Text data preparation is different for each problem. Preparation starts with simple steps, like loading data, but quickly gets difficult with cleaning tasks that are very specific to the data you are working with. You need help as to where to begin and what order to work through the steps from raw data to data ready for modeling.

## Movie Review Dataset

The Movie Review Data is a collection of movie reviews retrieved from the imdb.com website in the early 2000s by Bo Pang and Lillian Lee.

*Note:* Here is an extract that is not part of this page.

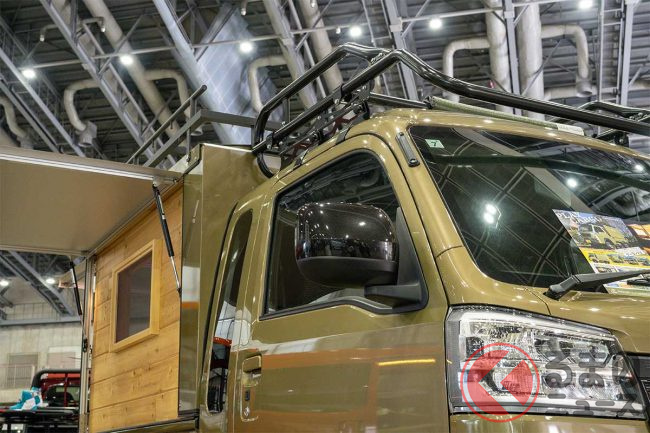 通常のケーランプスでもこうしたカスタマイズは可能だといいますが、木材を天井だけに使うなど、排気量の小さな軽トラックでも十分走行できる程度の重量に抑えた仕様がオススメとのことでした。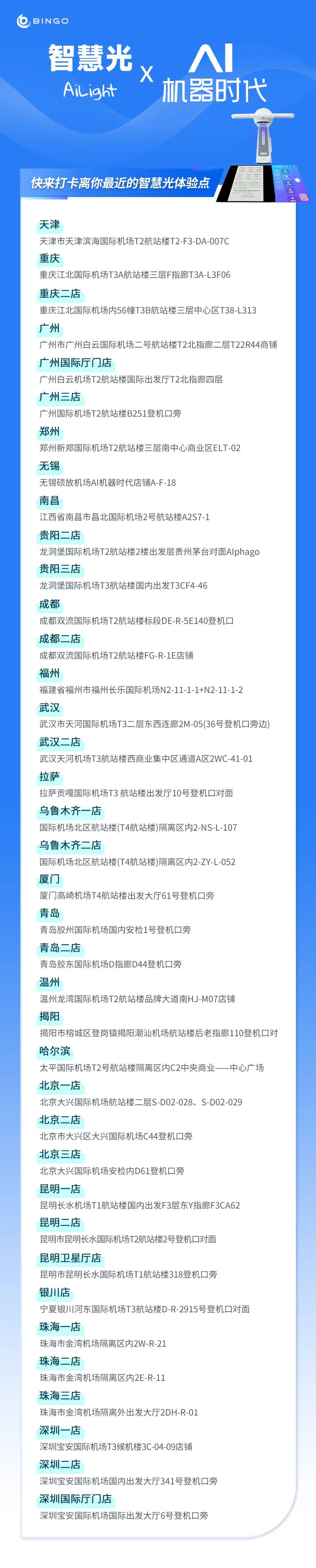 重新定义学习,照亮成长每一步。查看43 家机场具体位置,下次带娃候机就来AI机器时代爱宾果智慧光体验区,让孩子的碎片时间变成 “涨分时刻”!

The reviews were collected and made available as part of their research on natural language processing.

The dataset is comprised of 1,000 positive and 1,000 negative movie reviews drawn from an archive of the rec.arts.movies.reviews newsgroup hosted at IMDB. The authors refer to this dataset as the polarity dataset.

The data has been cleaned up somewhat, for example:
* The dataset is comprised of only English reviews.
* All text has been converted to lowercase.
* There is white space around punctuation like periods, commas, and brackets.
* Text has been split into one sentence per line.

The data has been used for a few related natural language processing tasks. For classification, the performance of classical models (such as Support Vector Machines) on the data is in the range of high 70% to low 80% (e.g. 78%-to-82%). More sophisticated data preparation may see results as high as 86% with 10-fold cross-validation.


After unzipping the file, you will have a directory called txt sentoken with two sub-directories containing the text neg and pos for negative and positive reviews. Reviews are stored
one per file with a naming convention from cv000 to cv999 for each of neg and pos.


## Load Text Data

we will look at loading individual text files, then processing the directories of filles. We will fetch data from Github repository where we have storred this Movie Review Polarity Dataset and after fetching it will be available in the current working directory in the folder txt sentoken.

We can load an individual text file by opening it, reading
in the ASCII text, and closing the file. This is standard file handling stuff.

In [1]:
# fetch dataset from github
! git clone https://github.com/rahiakela/machine-learning-datasets -b movie-review-polarity-dataset

Cloning into 'machine-learning-datasets'...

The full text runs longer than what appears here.